WHAT YOU SHOULD DO
Look below for the line with "Данная модель предназначена для использования" and the line with "図書室での図書の時間は、本の". Copy exactly those two lines and every line between, but not the pictures.

DATA SEGMENT
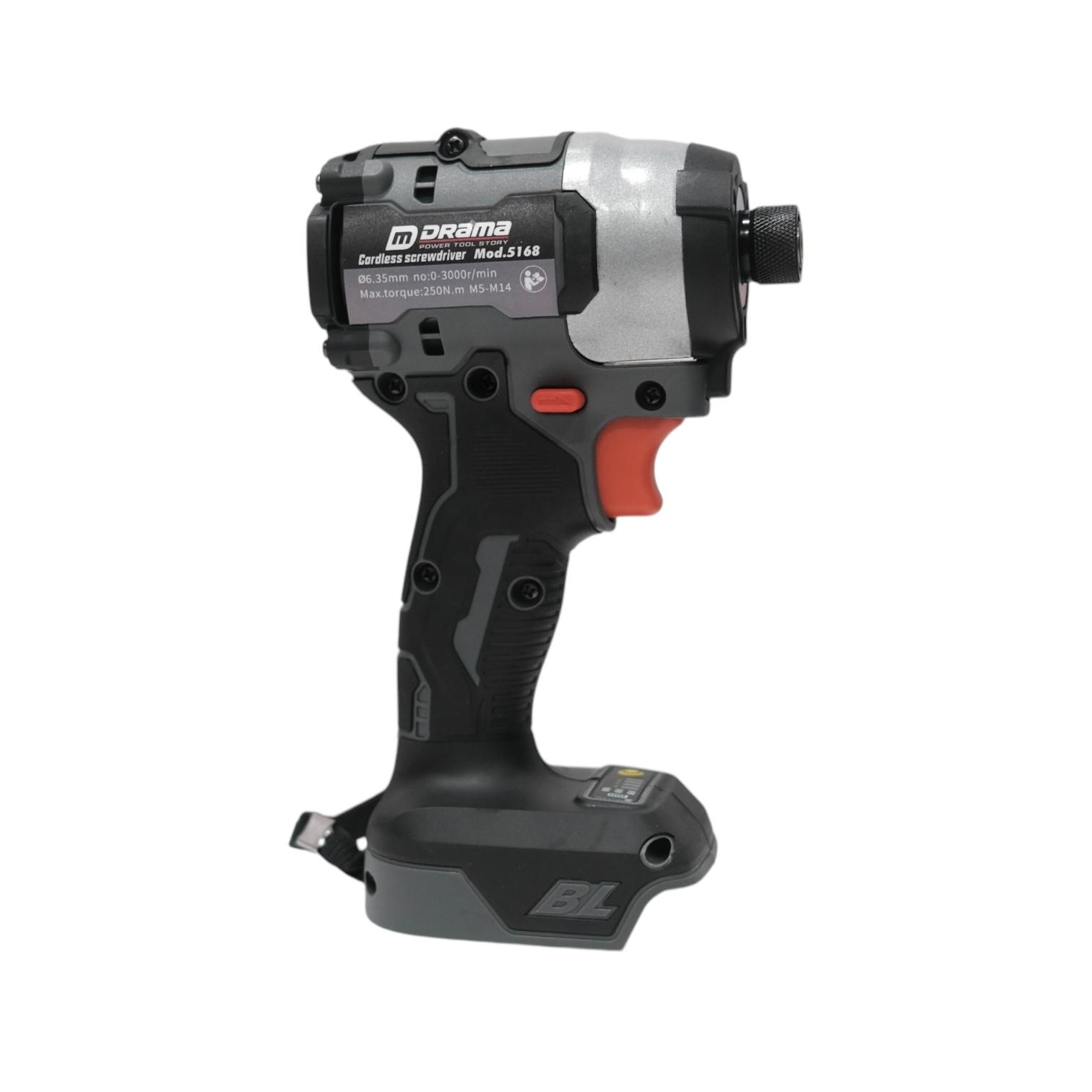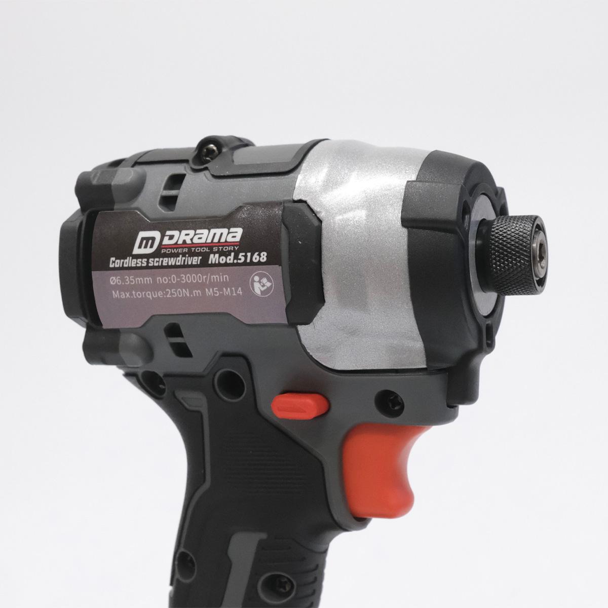 – Tên sản phẩm:Máy Chuyên Vít DRAMA 5168 Bản FLEX Xám Xi Măng Động Cơ Không Chổi Than Lực Siết 250nm Sử Dụng Chân Pin Phổ Thông 4CM
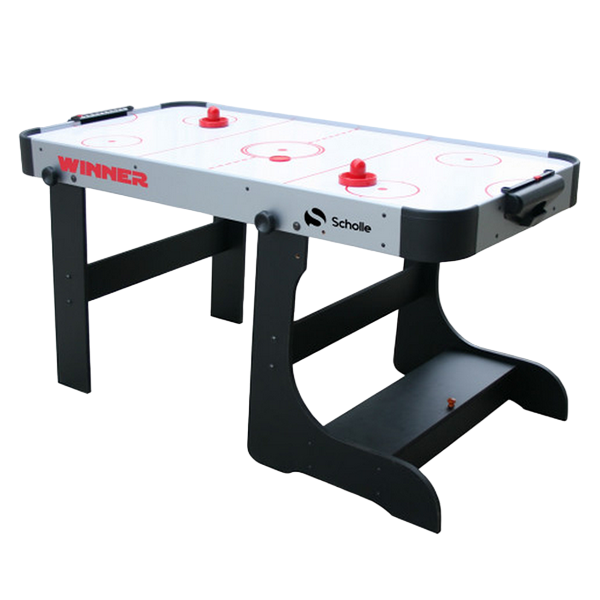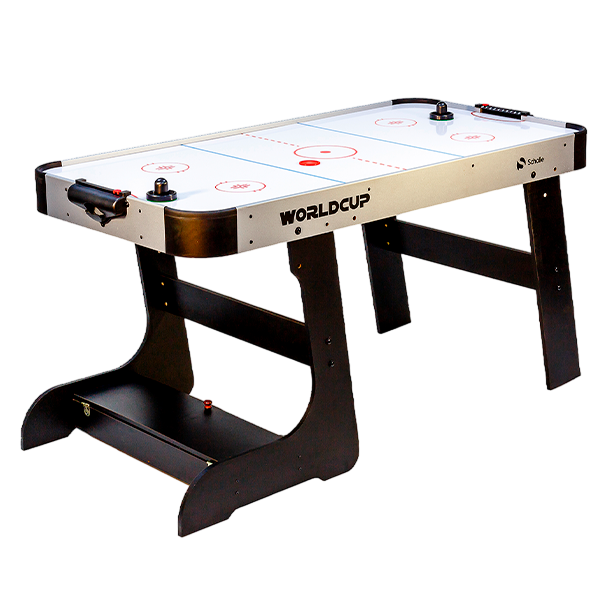 Данная модель предназначена для использования в офисе и дома. Уникальная складная конструкция позволяет быстро и удобно сложить стол после игры, обеспечивая компактное хранение в условиях ограниченного пространства. Корпус, ножки и игровое поле выполнены из МДФ. Размер стола - 5 FT. Пространство для размещения (ДхШ): 152 х 76.см Данная модель предназначена для начинающих и продвинутых игроков. Мощный вентилятор предотвращает трение шайбы об игровое поле, обеспечивая хорошую скорость и динамичность игры. Модель оснащена механическим счетчиком очков и воздушным компрессором мощностью 23 Вт. В комплекте: инструкция по сборке, биты (2 шт.) и шайбы (2 шт.).
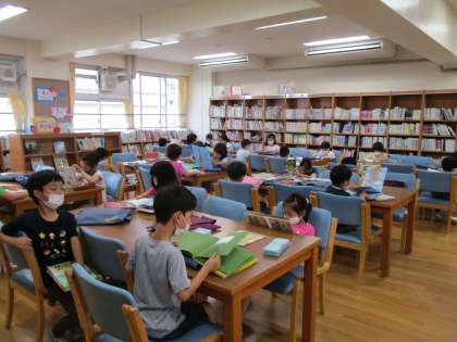 図書室での図書の時間は、本のページをめくる音しか聞こえません。自分の選んだ本を静かに読んでいます。
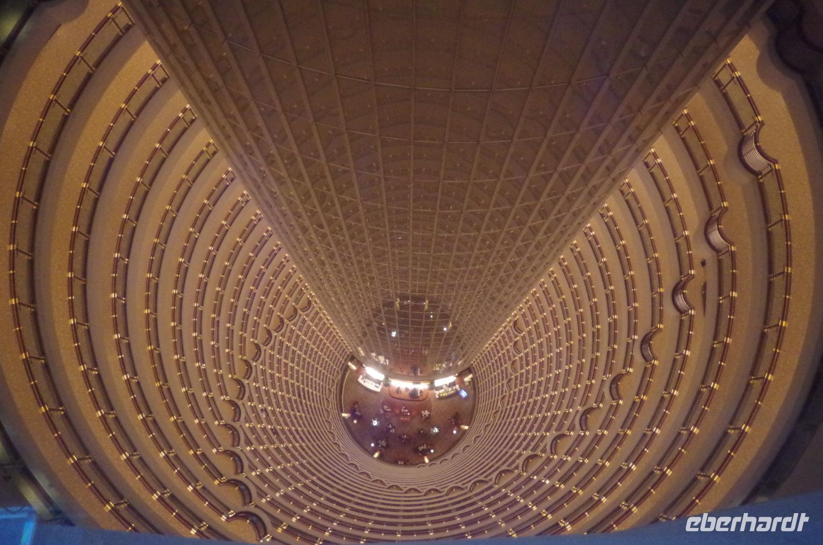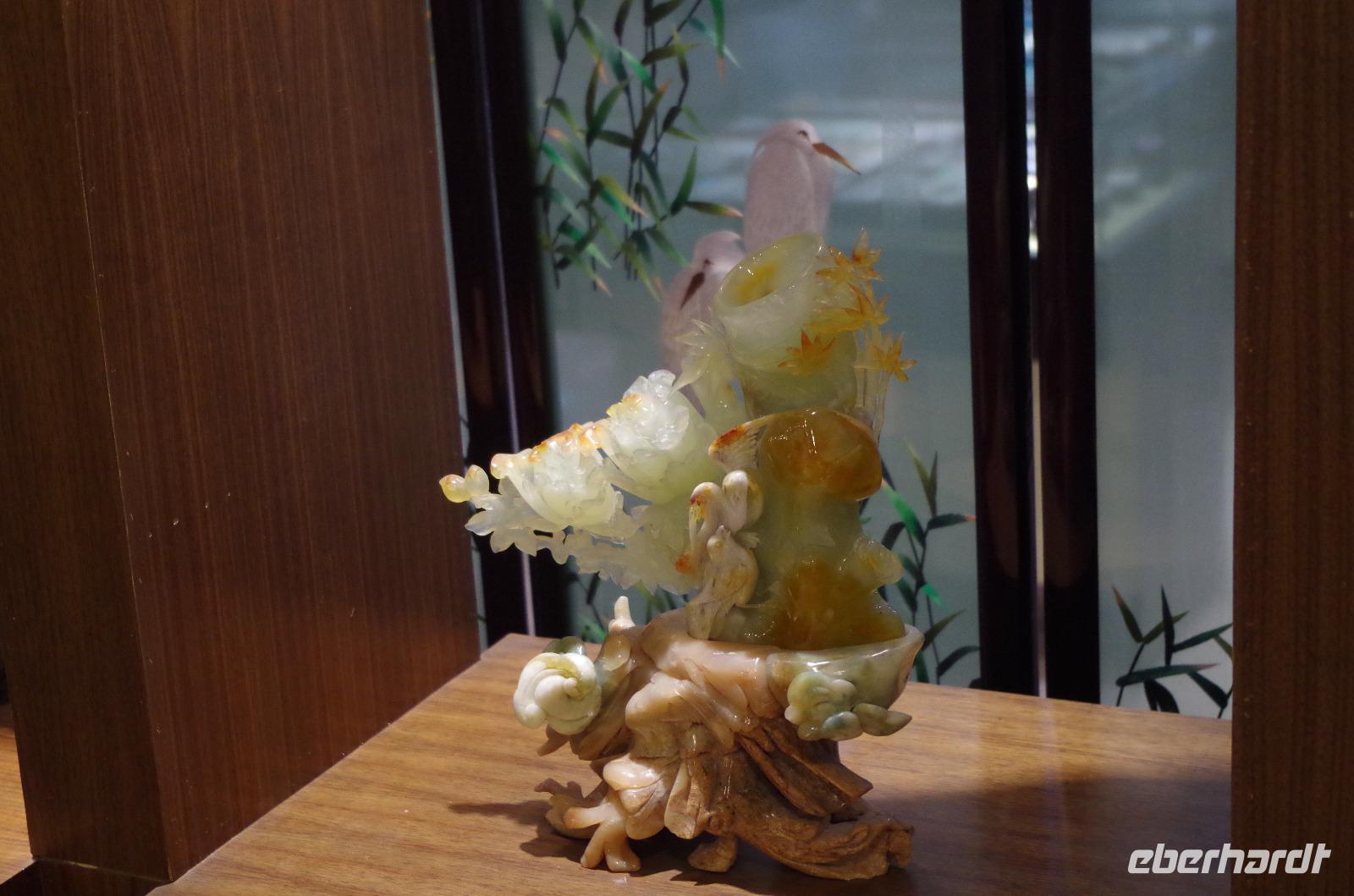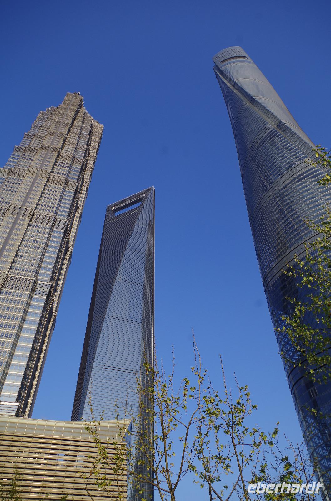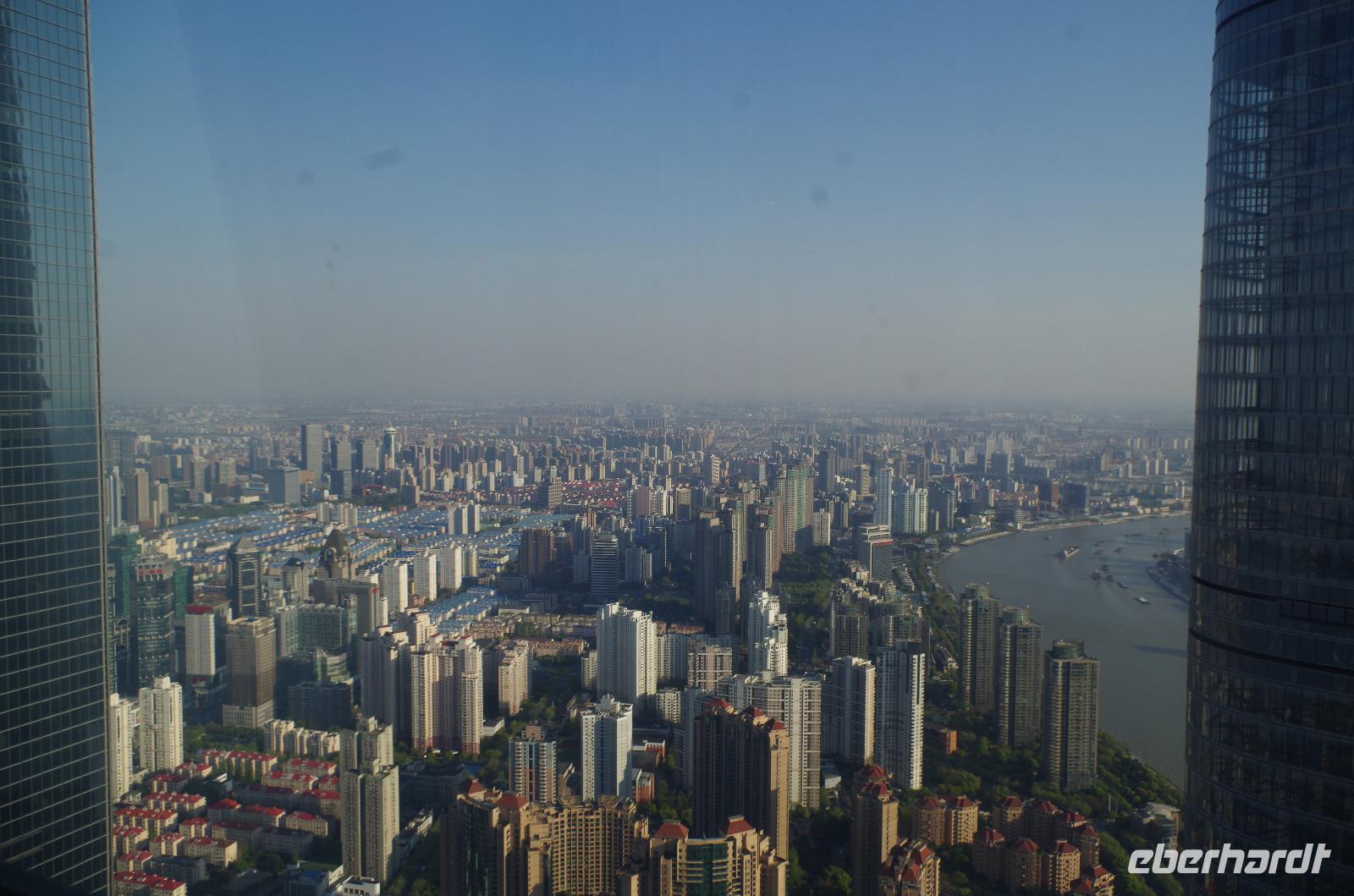 Der letzte Morgen auf chinesischem Boden und so heißt es nach Frühstück und Kofferpacken zum letzten Mal Check-out aus dem Hotel und beladen der Koffer im Bus. Mit zwei weiteren Reiselustigen, die sich heute unserer Gruppe anschlossen spazieren wir zunächst durch das direkt hinter unserem Hotel liegende japanische Viertel und gewinnen so ein Bild von China abseits touristischer Pfade. Besonders das angelegte Charlie Chaplin-Haus mit einer Statue des Schauspielers davor ist eine schöne Kleinigkeit, die uns alle schmunzeln lässt. Anschließend fahren wir ins Shanghai-Museum, welches die Geschichte der Region in Schrift, Bild und Plastik erzählt. Über Mittag verbringen wir etwas Zeit auf der Nanjing-Geschäftsstraße. Hier reihen sich noble Boutiquen an weltweit verbreitete Markenketten und in den Nebengässchen finden sich kleine Händler, die Ihre Waren feilbieten. Letztlich soll es noch hoch hinaus gehen. Wir fahren mit einem der schnellsten Fahrstühle auf den Jin Mao-Turm inmitten Shanghais hinauf, der mit seinen 420,5m Höhe zu den höchsten Bauwerken der Welt zählt. Im 88 Stockwerk haben wir auf der Aussichtsplattform eine tolle Aussicht und auch unser Eberhardt-Reisebärchen entpuppt sich als schwindelfrei. Inmitten des Turms kann man in die Lobby des Grand Hyatt Shanghai-Hotels hinabschauen, welches mit seinen 555 Räumen auf 35 Stockwerken einst das höchstgelegene Hotel der Welt war. Zum Abend müssen wir den Turm natürlich wieder verlassen und laufen vom Turm noch einmal zum Bund. Gerade bei Sonnenuntergang haben wir einen phantastischen Blick auf die Skyline von Shanghai mit Blick auf das französische Viertel. Ein letztes gemeinsames Abendessen verwöhnt uns noch einmal mit zahlreichen chinesischen Spezialitäten und Chris hat für uns eine kleine Überraschung vorbereitet. So können wir einmal mit typisch chinesischem Reisschnaps mit 55 Vol.% anstoßen und eine kleine Süßigkeit aus Wallnuss und Erdnuss kosten. Ein letztes Mal steigen wir zu Herr Zhu in den Bus, der uns zum Transrapid-Zug bringt. Mit dem Transrapid fahren wir anschließend zum Flughafen von Shanghai und verabschieden uns nach dem Check-In unter vielen „Danke" und „Toll gemacht!" von Josef, der uns die letzten Tage und rund um die Uhr in allen Situationen umsorgt hat. Die letzten Yuan werden am Flughafen noch ausgegeben und um Mitternacht heben wir ab in Richtung Deutschland. In Frankfurt heißt es dann auch Abschied nehmen von Chris und den anderen Reisenden. Diese Reise werden wir so schnell nicht vergessen und mit vielen Eindrücken vom Milliarden-Menschen-Land China und mit den Koffern voll Andenken erreichen wir unseren Heimathafen.

OUTPUT FOR THIS EXERCISE
 Данная модель предназначена для использования в офисе и дома. Уникальная складная конструкция позволяет быстро и удобно сложить стол после игры, обеспечивая компактное хранение в условиях ограниченного пространства. Корпус, ножки и игровое поле выполнены из МДФ. Размер стола - 5 FT. Пространство для размещения (ДхШ): 152 х 76.см Данная модель предназначена для начинающих и продвинутых игроков. Мощный вентилятор предотвращает трение шайбы об игровое поле, обеспечивая хорошую скорость и динамичность игры. Модель оснащена механическим счетчиком очков и воздушным компрессором мощностью 23 Вт. В комплекте: инструкция по сборке, биты (2 шт.) и шайбы (2 шт.).
 図書室での図書の時間は、本のページをめくる音しか聞こえません。自分の選んだ本を静かに読んでいます。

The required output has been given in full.